We employ the ISPRS datasets of Vaihingen and Potsdam [
24] for experiments. The training of the multi-resolution and the fusion model is described and a quantitative evaluation is given. We especially have conducted a series of experiments concerning the layers’ sensitivity to specific classes as well as different modalities and visualize the results. The exploration of the layers’ sensitivity indicates the proposed optimal fusion model is able to improve the performance. This fusion model is verified by a comparison of all possible fusion models.
4.1. Datasets
Experiments are performed on the ISPRS 2D semantic labeling datasets showing the urban areas of Vaihingen and Potsdam. The datasets provide high resolution True Orthophotos (TOPs) and corresponding DSMs with a Ground Sampling Distance (GSD) of 9 cm. In the experiments, we use color infrared imagery (infrared-red-green) for the Vaihingen dataset and color imagery (red-green-blue) for the Potsdam dataset to test our approach on different data, even though the Potsdam data contains also infrared imagery.

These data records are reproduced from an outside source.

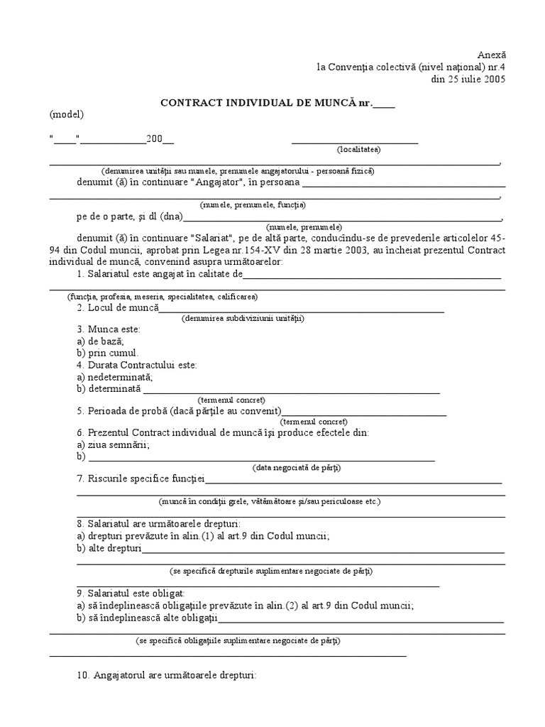 29. Prezentul Contract individual de muncă este întocmit în două exemplare avînd aceeaşi putere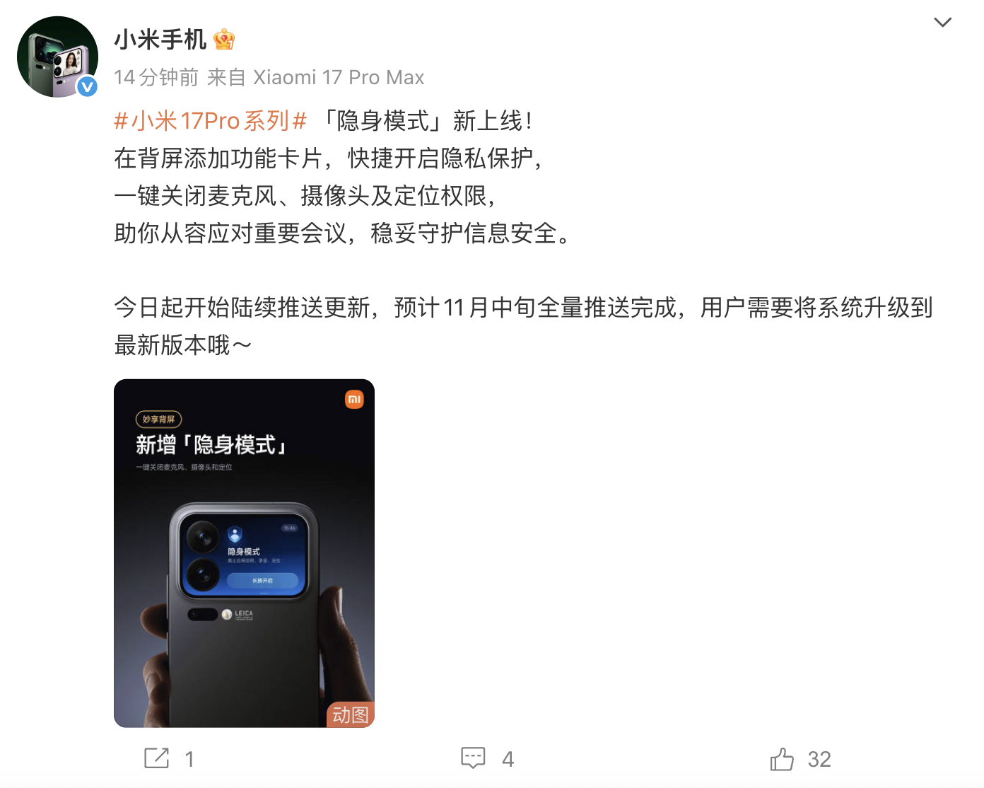 11月5日,小米手机官方宣布,小米17 Pro系列“隐身模式”今日起陆续推送更新,预计11月中旬全量推送完成,用户需将系统升级至最新版本。据官方介绍,用户可在背屏添加功能卡片,快捷开启隐私保护,一键关闭麦克风、摄像头及定位权限。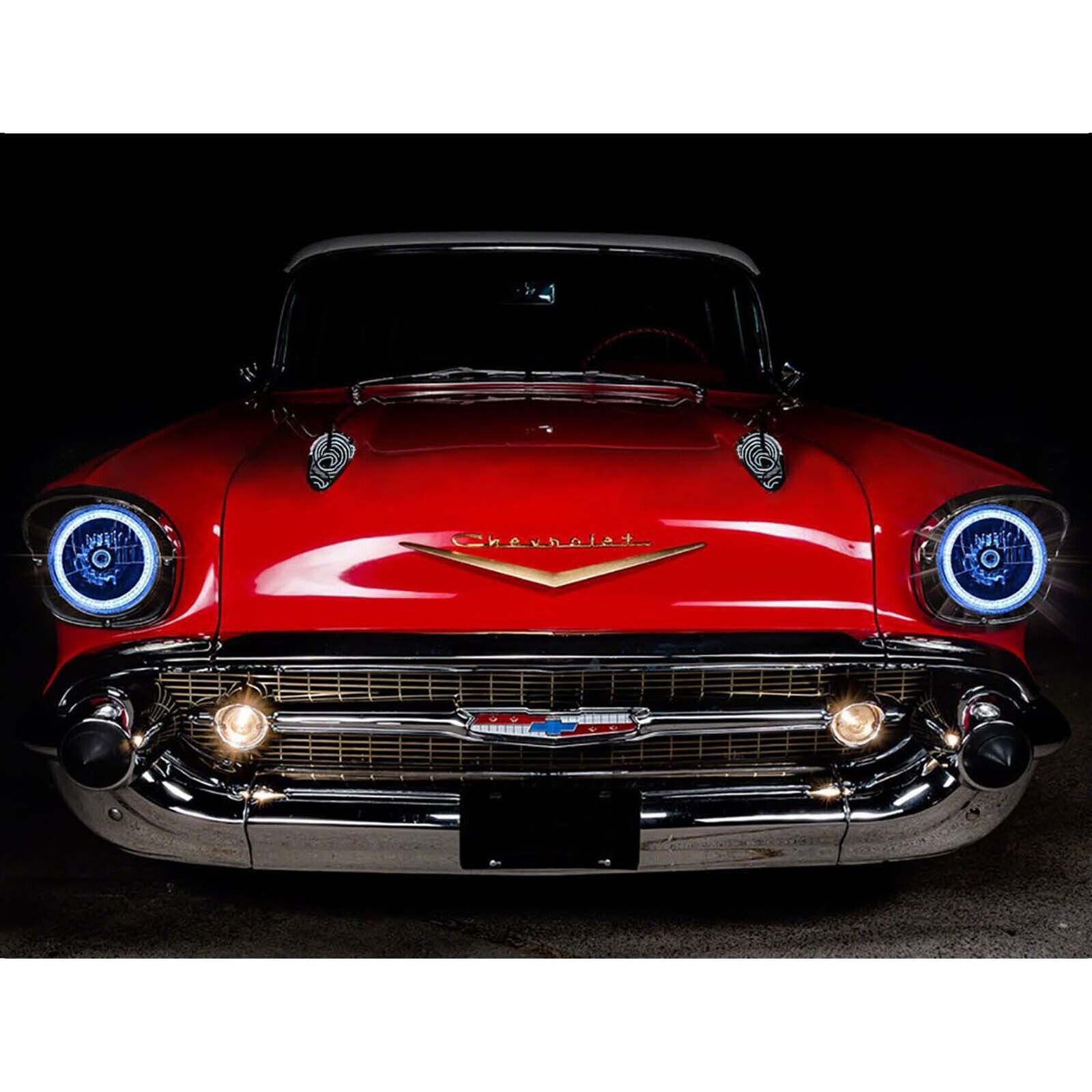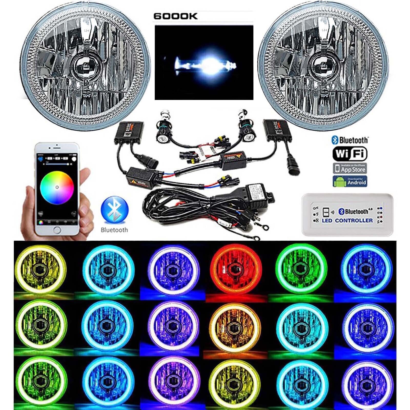 7" Bluetooth Phone RGB SMD LED Color Change Halo Angel Eye 6K HID Headlight Pair

The Vaihingen dataset consists of 32 tiles in total with ground truth released for half of them, designated for training and validation. The Vaihingen dataset employs pixel-wise labeling for six semantic categories (impervious surface, building, low vegetation, tree, car, and clutter/background). We used twelve of the 16 labeled tiles for training and four tiles for validation. For training, we divided the selected tiles into patches with a size of 256 × 256 pixels with 128 pixels’ overlap. The patches are rotated (each time by 90 degrees) and flipped (top down, left right) for data augmentation. A set of 16,782 patches is generated. We selected four tiles (13, 15, 23, and 28) as the validation set. The validation set tiles are clipped into patches with a size of 256 × 256 pixels without overlap.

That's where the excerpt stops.